Shang-HIGH


Thursday 11th January 2007
The Pearl of the Orient Is one of the names for Shanghai (Whore of the East, is another!). This morning we took the ‘tourist tunnel’ from the Bund to Pudong – the ultra-modern side of the river. The tourist tunnel is a garish, illuminated, psychedelic way of crossing under the river in a capsule car. Very tasteless, but good fun. And what a surprise (not!) that once we were there, and standing at the ground floor entry point to the Peral Oriental Tower, I suggested to Sid (remember, his fear of heights) that we take the ride to the viewing towers at 630 metres, to get a view of this amazing city from above. Well, he conquered more demons and said, ‘let’s go for it’. It was a shame that this was our first day with some cloud so the view was not what it might have been, but pretty stunning nevertheless. Most interesting though was the municipal museum, back on the ground floor. Five exhibition halls beautifully illustrating the history of the city, with really good explanations about the British colonial period and the French Concession. We then took an afternoon three-hour boat cruise along the Huangpu River to where it joins the Yangtze River. I knew Shanghai was one of the biggest ports in the world, but that doesn’t mean much until you see the number of barges and boats on the river – masses of them shifting just about everything you can imagine. It was a very nice relaxing way to spend the afternoon, without having to absorb lots of facts which made a pleasant change after the past week of trying to drink everything in. Tonight we ate at another Lonely Planet recommendation (in the French Concession – no French influence apparent here anymore) – good food, but what we chose was far too spicy for me.

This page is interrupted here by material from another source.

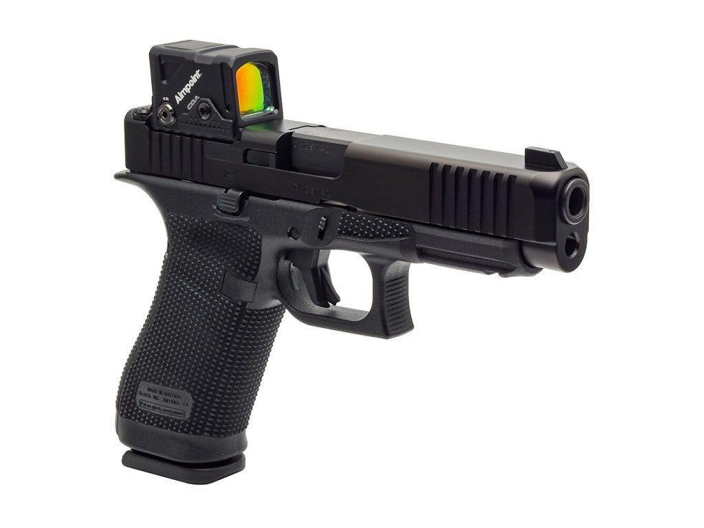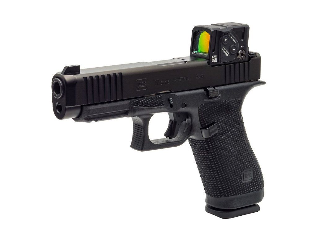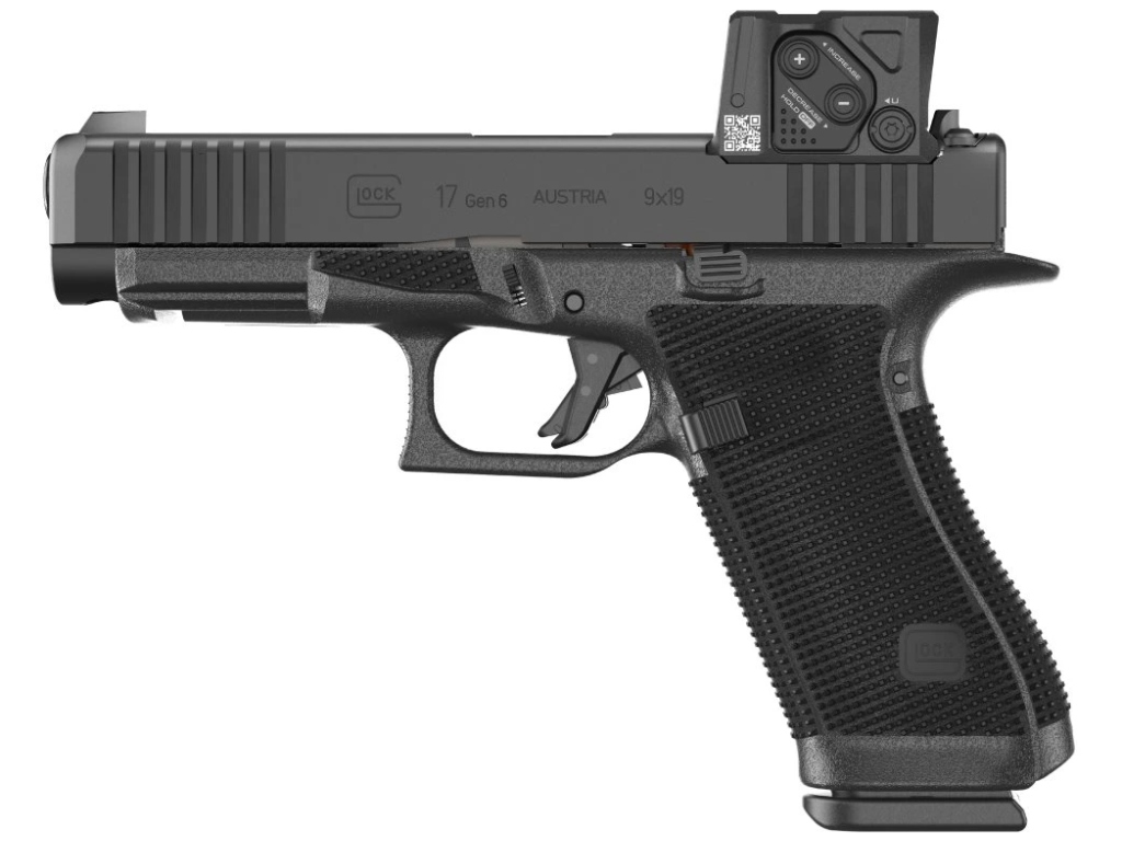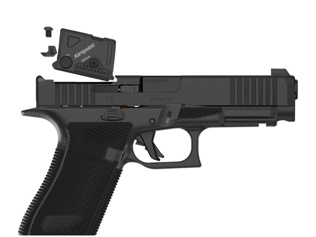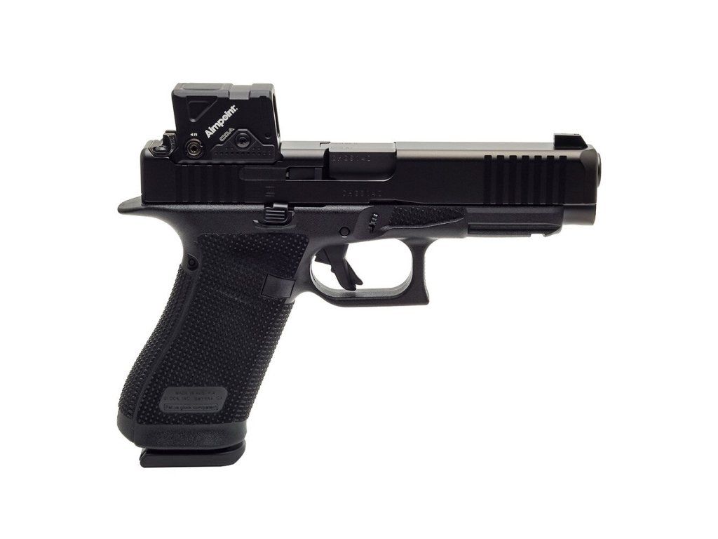 Samonabíjecí pistole Glock 17 Gen6 A-CUT je pistole velikosti STANDARD v ráži 9 mm Luger (9x19) v konfiguraci s kolimátorem Aimpoint COA, se závěrem s modulárním optickým systémem A-CUT konstruovaným pro kolimátor Aimpoint COA. Montážní rozhraní Aimpoint™ A-CUT™, které je vyříznuté přímo do závěru, umožňuje montáž nového kolimátoru Aimpoint™ COA™ bez jakéhokoliv adaptéru nebo montážní destičky, což zajišťuje nízký profil, vyšší stabilitu a přirozenější míření. Toto inovativní montážní rozhraní umožňuje rychlé a pevné uchycení zaměřovače, kdy přední hrana kolimátoru je uchycena v závěru a zadní hrana je pevně jištěna dvěma šrouby, které prochází zadním hledím. Kolimátor je tak posazen níže a umožňuje použití standardní výšky hledí a mušky (bez nutnosti použití Optic / Suppressor Ready mířidel). Kolimátor Aimpoint COA® je navržen pro rychlé zachycení cíle a přesnou střelbu i v náročných podmínkách. Záměrný bod červené barvy má velikost 3,5 MOA. Kolimátor umožňuje nastavit 12 stupňů intenzity (4 noční a 8 denních). Napájecí baterie CR2032 3V má přibližnou životnost 50.000 hodin (při denní intenzitě 7). Baterie je přístupná, i když je kolimátor namontován na závěru pistole. |

That’s the trouble with eating-by-pictures – on one occasion Sid ended up with a plate of black worms, or at least that’s what it looked like but was in fact cold (not just cool, but deliberately very cold) noodles in something black. Tonight, I ended up with a chicken dish which was very tasty so long as you avoided the red bits (which was most of it) as they were the hottest, spiciest chillis I’ve ever tasted. Burning sensation saved by the best toffee bananas ever! (Sid’s just off to take his Gaviscon, in case). Lovely taxi ride back to the hotel. This city at night makes New York look like it’s suffering from power failure.